Kevin Murphy, February 24, 2012, Domain Policy

How will ICANN measure the success of its new top-level domains program, and how many defensive registrations is too many?
These questions are now firmly on the ICANN agenda, following the publication of 37 draft recommendations for how to measure the success or otherwise of new gTLDs.
The advice of the Consumer Trust Working Group, published last night and now open for public comment, is a must-read for anyone interested in the emerging new gTLD market.
The recommendations describe myriad ways ICANN could benchmark the performance of new gTLDs three years from now, to fulfill its promise to the US Department of Commerce to study the effect of the program on consumer choice and competition.
While it’s a broad document covering a lot of bases, I’m going to be disappointingly predictable here and immediately zero in on the headline wedge issue that I think will get most tongues wagging over the coming weeks and months:
Defensive registrations.
The working group decided to recommend that, as a measure of success, domain name registrations in new gTLDs should be no more than 15% defensive* three years after launch.
Defensive in this case would mean they were registered during the mandatory Sunrise period.
The idea is that consumer choice can be demonstrated by lots of registrations in new gTLDs, but that defensive registrations should not count toward that goal.

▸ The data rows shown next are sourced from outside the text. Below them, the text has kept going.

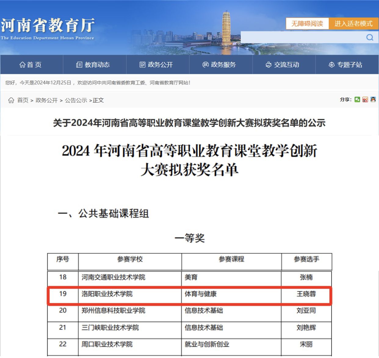 2024年11月26日至28日,由河南省教育厅主办的2024年河南省高等职业教育课堂教学创新大赛(公共基础课程组)在商丘医学高等专科学校举行,体育教学部教师王晓蓉荣获一等奖。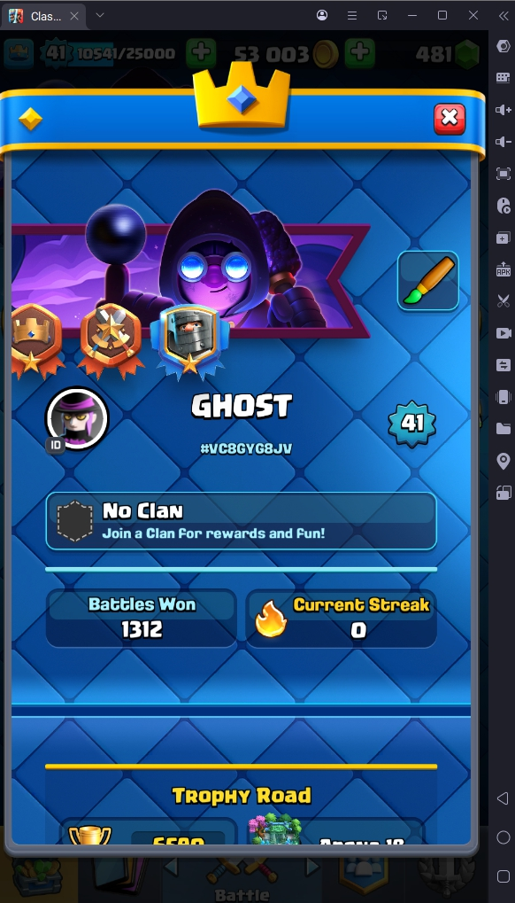 6590 TROPHY 🏆 41 LVL 💯 KT 13 👑 114 CARDS ♦️ EMOTE 27 🎭 #VC8GYG8JV ⸱ TAG ACCOUNT ♥️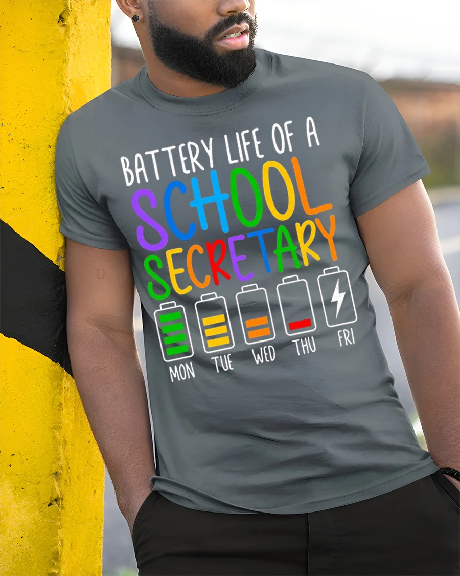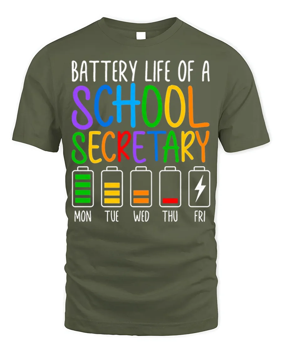 The Battery Life of a School Secretary T-Shirt is an ideal choice for school secretaries, administrative staff, and anyone who works tirelessly behind the scenes to keep a school running smoothly. Its colorful and eye-catching design adds a touch of fun to your wardrobe, making it perfect for casual Fridays, school events, or staff appreciation days.
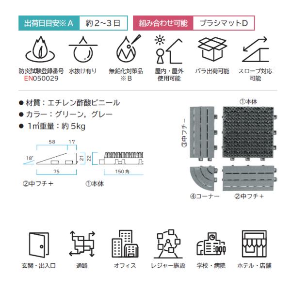 玄関マット サポートマット 中フチ+ 75×150mm 屋外 屋内 排水 ミヅシマ工業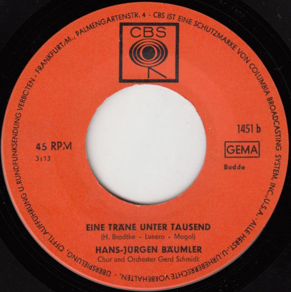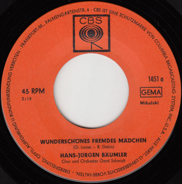 Vinyl / Hans-Jürgen Bäumler - Wunderschönes Fremdes Mädchen / Eine Träne Unter Tausend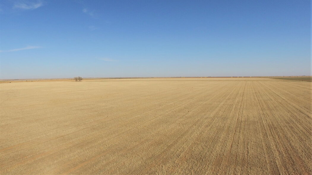 SOLD! The east side of this farm is very flat with good soils. It is currently planted to dryland wheat. The sprinkler has been removed, but the pad and underground line is still intact. There are two wells, one has a 20 HP sub and the south well is a dry hole. The west side of the property was planted to native grass using the EQUIP Program this year. A Playa Lake is on the west side of the property, and a homesite on the north side has been cleaned up. The Seller is reserving 1/2 of the commercial wind …

The 15%-Sunrise baseline number was chosen fairly arbitrarily – other suggestions were 20% and 12% – and is designed to spur community discussion. It’s not final.
Still it’s interesting.
It implies that if a registry has 15,000 Sunrise registrations, it needs to sell another 85,000 domains in three years to be seen as having made a successful contribution to consumer choice.
By way of an example, if it were to be retroactively applied to .xxx, the most recent gTLD to launch, ICM Registry would have to get its total registrations up to 533,000 by the end of 2014.
Is 15% too low? Too high? Is it even a useful metric? ICANN wants to know.
Whatever the ultimate number turns out to be, it’s going to be handy for plugging into spreadsheets – something opponents of new gTLDs will find very useful when they try to make the case that ICANN endorses a certain dollar value of trademark extortion.
Because many registries will also accept defensive registrations after Sunrise, two more metrics are proposed.
The group recommends that domains in new gTLDs that redirect to identical domains in legacy TLDs – strongly implying a defensive registration – should be no more than 15% after three years.
It also recommends that ICANN should carry out a survey to see how many registrants own matching second-level domains in legacy TLDs, and that this should also be lower than 15%.
I’ve only outlined three of the working group’s recommendations here. Many of the other 34 are also interesting and will be much-debated as the new gTLD program continues.
This is vitally important stuff for the future of new gTLDs, and applicants would be well advised to have a good read — to see what might be expected of them in future — before finalizing their applications.
* It should be noted that the recommendation as published confusingly reads “Post-Sunrise registrations > 15% of total registrations”, which I think is a typo. The > operator implies that non-defensive registrations only need to be over 15% of total registrations, which I’m certain is not what the working group intended to say.
(UPDATE: this typo has now been corrected).